Stevenage RAF reservist arrests insurgent leaders in military exercise

Corporal Kevin Smith

Corporal Kevin Smith - Credit: Archant

A reservist who develops new medicines for a living has joined colleagues from RAF Henlow on an exercise designed to train military police on how to bring order to a country in chaos.

Corporal Kevin Smith from Stevenage was part of a team from RAF Henlow’s tactical police squadron involved in Scarlet Thunder – a two-week military exercise where armed forces were deployed to a fictitious country facing civil disorder and a growing insurgency.

The 31-year-old is a part-time reservist for the squadron, a far cry from his day-to-day job working for GlaxoSmithKline in Stevenage developing new medicines for HIV and cancer treatments.

During the exercise, held at a wooded army training area in Staffordshire, the father-of-two had the opportunity to work alongside members of the British Army, Military Provost Service and US Army National Guard.
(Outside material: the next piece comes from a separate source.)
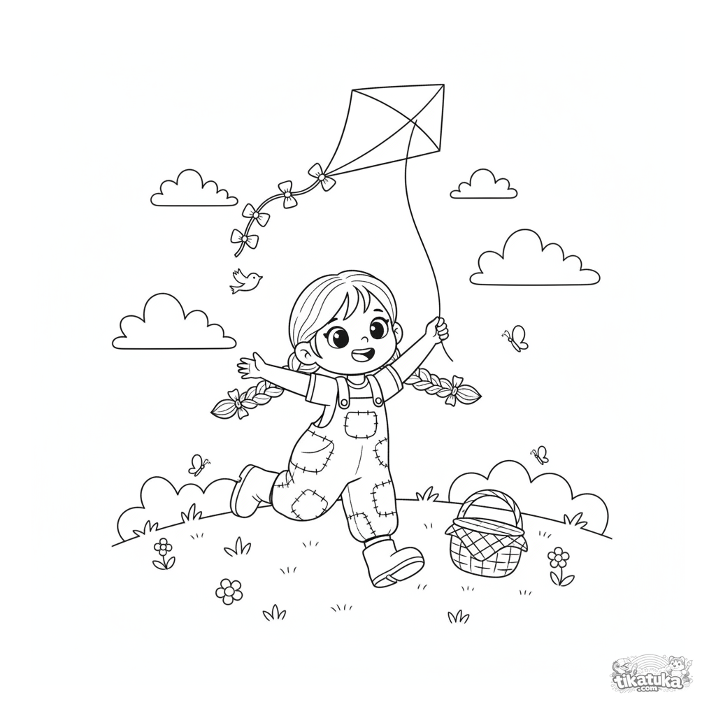 Página para colorear para niñas: una niña alegre en overol vuela una cometa en una colina. Para niños de 3 a 6 años. Estilo cartoon.

“I found it interesting working with a range of military personnel,” said Cpl Smith, who has been a reservist for three years.

“The scenarios themselves provided a great insight into how I interact with others in different situations and also how the civilian population may react to a military presence. A policing role requires the ability to adapt and overcome challenging situations, and these were represented well across the exercise.

“We’ve been under attack from insurgents, been challenged by civilians and successfully executed an arrest operation to detain insurgent leaders. There’s a range of different skills sets and backgrounds here which has led to formation of a strong team.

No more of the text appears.